Why he matters in this case
Prof. Richard Gill is one of the people most responsible for the fact that the statistical case against Lucy Letby is now, in the public sphere, widely regarded as unsound. He does not speak for a campaign. He speaks for a discipline. And he has done this before.
The Lucia de Berk precedent (2003–2010)
In 2003, Dutch paediatric nurse Lucia de Berk was convicted of seven murders and three attempted murders on the basis of a similar-looking statistical pattern — her apparent presence at an improbable number of unexpected events. Prof. Gill worked with Dutch statisticians and lawyers to demonstrate, in detail, that the statistical argument was a selection-bias artefact. In 2010, the Dutch Supreme Court overturned her conviction.
The de Berk case is now a textbook teaching example in European statistics and law-and-science courses. It is frequently cited alongside the R v Clark cot-death case in the UK as the canonical modern example of a conviction overturned on statistical grounds.
What he says about Letby
Since the Letby convictions in 2023, Prof. Gill has published letters, talks, and lecture transcripts arguing that the statistical structure of the Letby case is the same as de Berk’s. The 2024 lecture “A tale of two Lucies”, hosted at lucyletby.org, walks through the parallel explicitly.

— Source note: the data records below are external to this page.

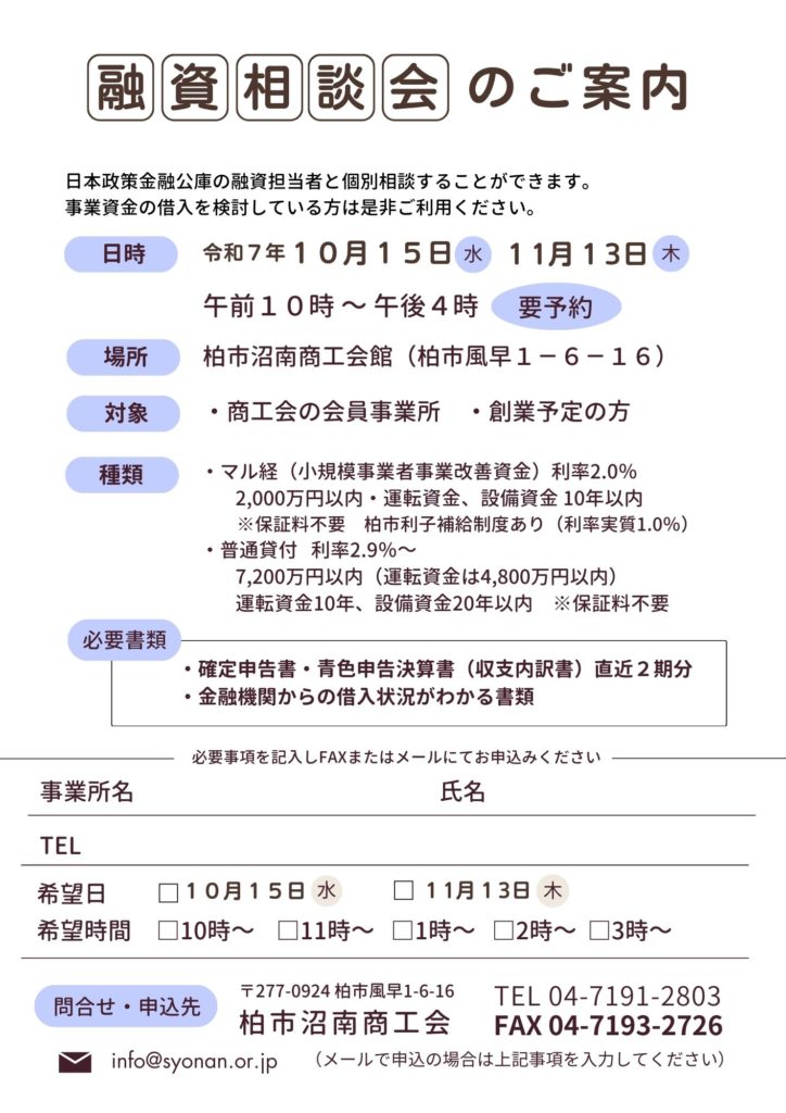 参加を希望する方は柏市沼南商工会へご連絡ください。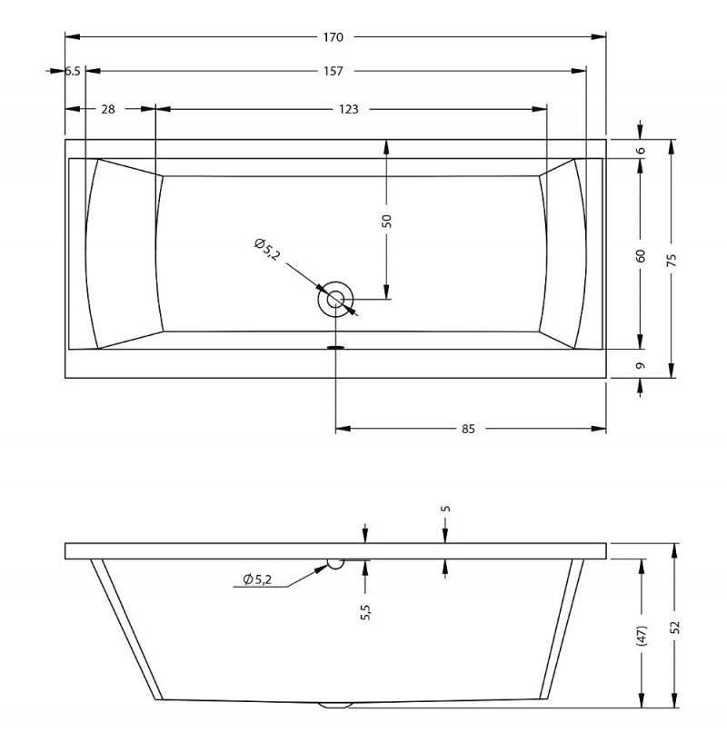 Cada baie rectangulara cu dimensiunea 170 x 75 cm.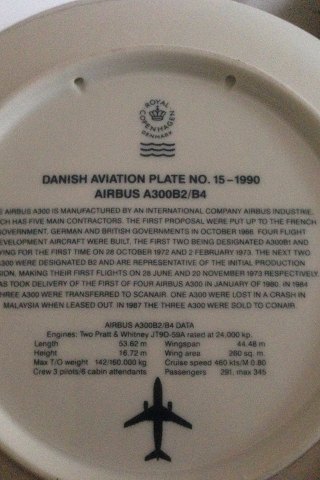 Danish Aviation Plate No.15 - 1990 Airbus A300B2/B4 Snorre Viking Airbus A300B4 1980 SAS 1987.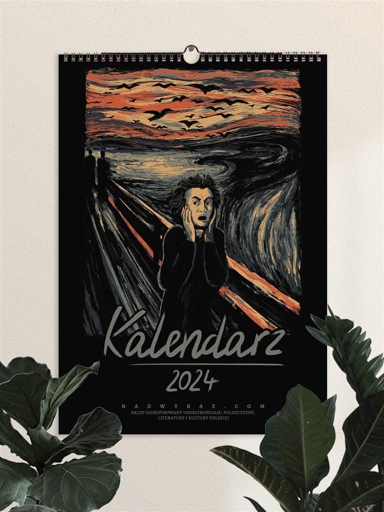 jeszcze będzie pięknie, jeszcze będzie normalnie! - ta idea przyświecała nam podczas tworzenia KALENDARZA LITERACKIEGO na 2024 rok. Oryginalny KALENDARZ ścienny od NADWYRAZ to produkt inspirowany literaturą i kulturą polską. Zawiera dwanaście wyjątkowych grafik naszego autorstwa w formacie A3 i dodatkowe informacje na temat świąt związanych z literaturą i sztuką. Umieściliśmy w nim także urodziny polskich pisarzy i poetów - zarówno tych znanych, jak i zapomnianych, dzięki czemu ma walory edukacyjne. KALENDARZ LITERACKI został wydrukowany na przyjemnym w dotyku papierze kredowym. To bardzo gustowny i praktyczny pomysł na prezent dla polonisty oraz każdego miłośnika literatury i kultury polskiej. Wymiary kalendarza: A3 w pionie - 297 x 420 mm. Okładka - Dziady / Krzyk Styczeń - Mickiewicz / x-wieszcze Luty - Papkin Marzec - The Wieszczers Kwiecień - Znachor Maj - Bazyliszek vs Smok wawelski Czerwiec - Kochanowski / Trening czyni mistrza Lipiec - Pozytywnie Sierpień - Gombrowicz / Zrzućcie maski Wrzesień - Ciężkie Norwidy Październik - Dziady / Krzyk Listopad - Arthur Schopenhauer Grudzień - Słowacki sam w domu Kalendarz na 2024 rok inspirowany literaturą Format: A3 w pionie (297 x 420 mm) Liczba kartek: 13 Każdy miesiąc z inną grafiką Zadruk jednostronny Papier kredowy (mat 170 g) Kolor spirali: czarny Idealny prezent dla mola książkowego, polonisty i miłośnika literatury polskiej Wyprodukowano w Polsce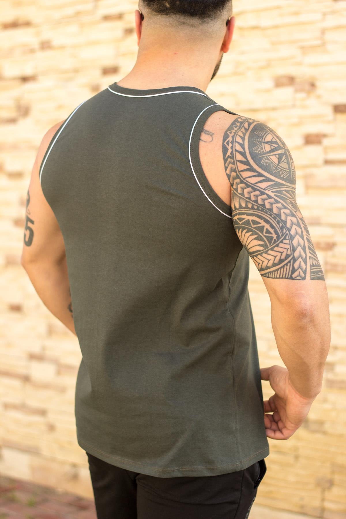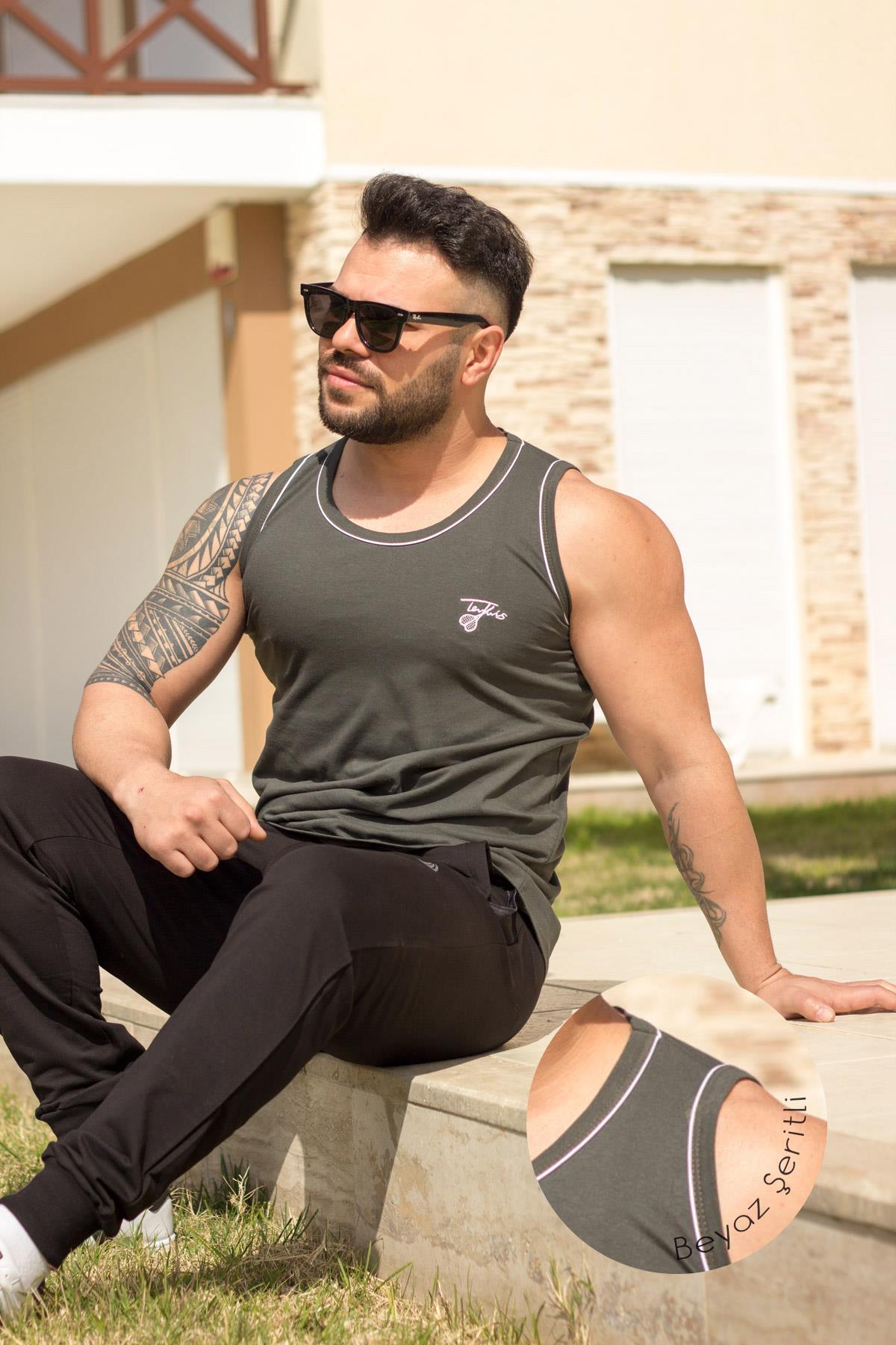 Erkek Haki Pamuklu Beyaz Biyeli Atlet 21EATLATLT

His specific point is that the shift-rota chart shown to the jury is a definitional consequence of how the “suspicious events” were identified — selected, in part, because Ms Letby was present — rather than evidence that her presence is improbable. See our shift-chart evidence page and our statistics deep-dive.
Professional background
- Emeritus Professor of Mathematical Statistics, Leiden University.
- Past president of the Netherlands Society for Statistics and Operations Research (VVSOR).
- Author of published work on statistical evidence in criminal trials, medical statistics, and survival analysis.
- Known publicly for his role in the Lucia de Berk exoneration, on which he has lectured internationally.
Why his position is weight-bearing
Prof. Gill is not an activist. He is a senior academic statistician who has spent most of his career inside the discipline’s formal channels. His willingness to speak publicly about a case is itself a signal that something has gone wrong at the level of statistical methodology that the discipline considers non-negotiable.
That is the same signal that carried weight at the Dutch Supreme Court in the de Berk case. It does not, by itself, decide the Letby case. It is not meant to. What it does is make it implausible to characterise the statistical critique as fringe.